(Stored data)
'''

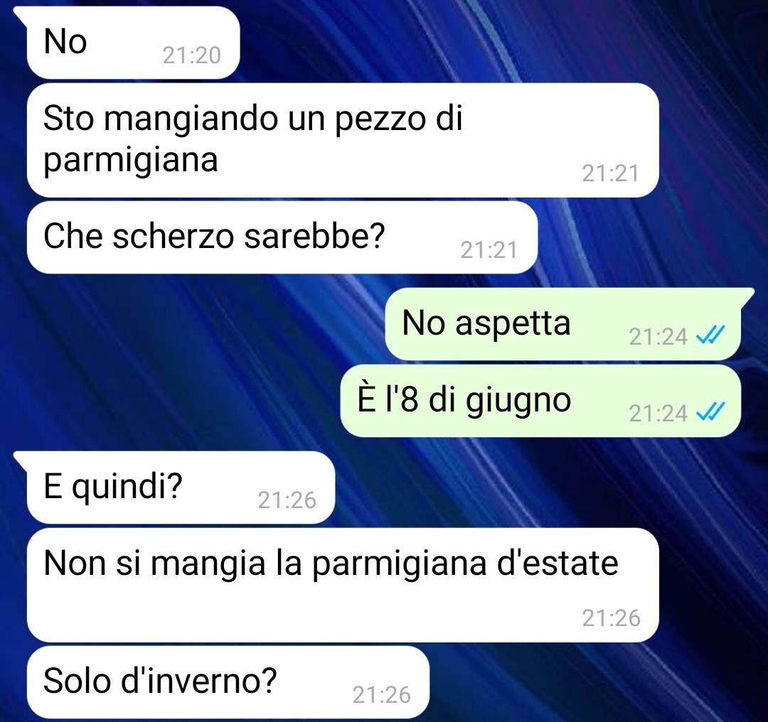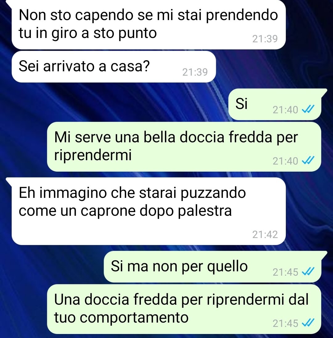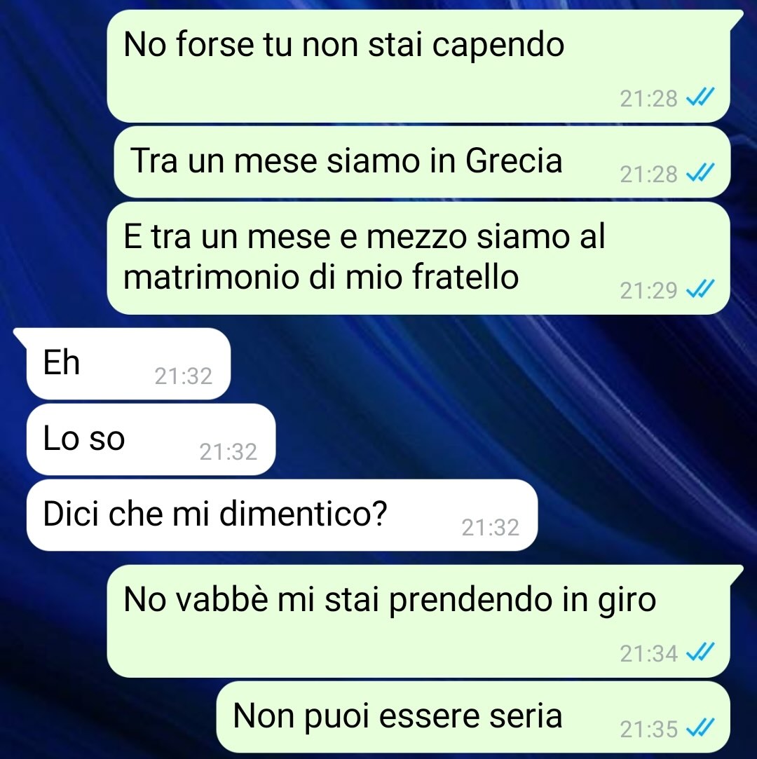 “Vi scrivo perché questaconversazione, questo litigio, che è culminato come è culminato, conla mia ragazza, credo che possa essere veramente uno dei punti piùbassi che una persona ha toccato nei miei confronti, spero di nonavere mai più a che fare con persone di questo tipo, ma andiamo conordine. Io quando mi fidanzo do tutto me stesso, m’impegno per farstare il meglio possibile la persona con cui sto e non deludere le sueaspettative, e mi aspetto che sia lo stesso anche dall’altra parte,dovrebbe essere la normalità, giusto? Ecco, così però non è stato. Leisapeva bene quanto fosse importante per me quella vacanza, e sapevaanche quanto sia importante per me il matrimonio di mio fratello equanto sia importante per me fare bella figura in quell’occasione coni miei famigliari. Ma lei nulla, a lei non interessa, per lei è soloimportante mangiare la parmigiana a cena, dando la colpa al lavoro eallo stile di vita. Quando poi ha iniziato ad inveire contro miamamma, ho capito che dovevo chiudere in quel momento.”
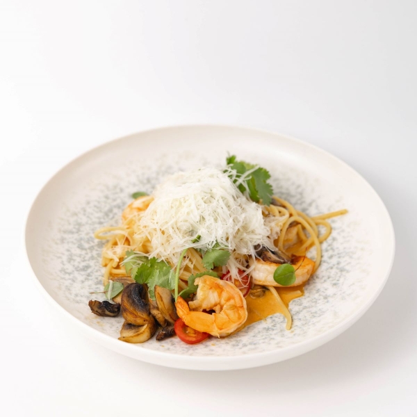 Переработанная итальянская паста в сочетании с традиционым тайским соусом "Том ям" и тигровыми креветками.
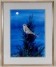 Attractive original watercolor painting of a mockingbird on the top of the tree late evening.
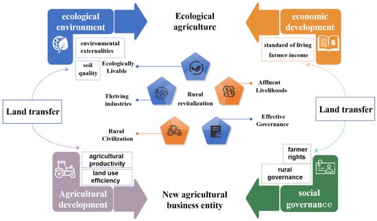 Ecological livability is an intrinsic requirement and key support of the strategy of rural revitalization, and it is highly important for improving rural residents’ quality of life, promoting the green development of the countryside, displaying the unique charm of the countryside, and promoting the integrated development of urban and rural areas [46]. The systematic review reveals that land transfer has dual impacts on the ecological environment. Scale operations may reduce pollution via improved production efficiency and the reduced use of chemical fertilizers and pesticides, but the over-concentration of operations may also lead to ecological risks, such as high-carbon production and biodiversity decline. For example, the use of capital in operations may take advantage of environmental externalities to reduce costs [47], and the transfer of land for sloppy operations exacerbates the degradation of soil quality [48]. The spatial distribution data identified in this study show that the negative ecological effects of land transfer are more prominent in Central China than in other regions, which highlights the importance of vigilance regarding regional ecological risks [49]. The study of moderate-scale management shows that scientific and reasonable land transfer policies can promote soil quality improvement. This requires policy makers to seek a balance between economic benefits and ecological protection and guide farmers to adopt environmental protection measures through regulatory mechanisms (Figure 8).
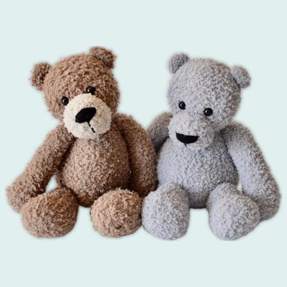 This teddy bear is knitted in a snuggly fleecy yarn to make it extra cuddly! Designed by Amanda Berry @fluffandfuzz, the bear is knitted in boucle DK yarns on single pointed needles (not in the round). Both grey and brown bears pictured follow the same pattern, just in different colours. For confident beginners and above, techniques used include casting on and off, knits, purls, kfb increase and k2tog decrease, and seaming to finish
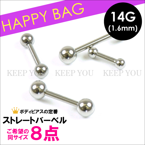 【メール便対応】【8個セット福袋】ショート ストレート バーベル 14G(1.6mm) サージカルステンレス316L(医療用) ボディーピアス 定番 トラガス 軟骨 スタンダード お得セット 14ゲージ┃

'''

Exercise brief ▸
Copy only these lines from the records above, exactly: the one with "Attractive original watercolor", the one with "Ecological livability is", and those between. Skip the pictures.

Output of the exercise ▸
 Attractive original watercolor painting of a mockingbird on the top of the tree late evening.
 Ecological livability is an intrinsic requirement and key support of the strategy of rural revitalization, and it is highly important for improving rural residents’ quality of life, promoting the green development of the countryside, displaying the unique charm of the countryside, and promoting the integrated development of urban and rural areas [46]. The systematic review reveals that land transfer has dual impacts on the ecological environment. Scale operations may reduce pollution via improved production efficiency and the reduced use of chemical fertilizers and pesticides, but the over-concentration of operations may also lead to ecological risks, such as high-carbon production and biodiversity decline. For example, the use of capital in operations may take advantage of environmental externalities to reduce costs [47], and the transfer of land for sloppy operations exacerbates the degradation of soil quality [48]. The spatial distribution data identified in this study show that the negative ecological effects of land transfer are more prominent in Central China than in other regions, which highlights the importance of vigilance regarding regional ecological risks [49]. The study of moderate-scale management shows that scientific and reasonable land transfer policies can promote soil quality improvement. This requires policy makers to seek a balance between economic benefits and ecological protection and guide farmers to adopt environmental protection measures through regulatory mechanisms (Figure 8).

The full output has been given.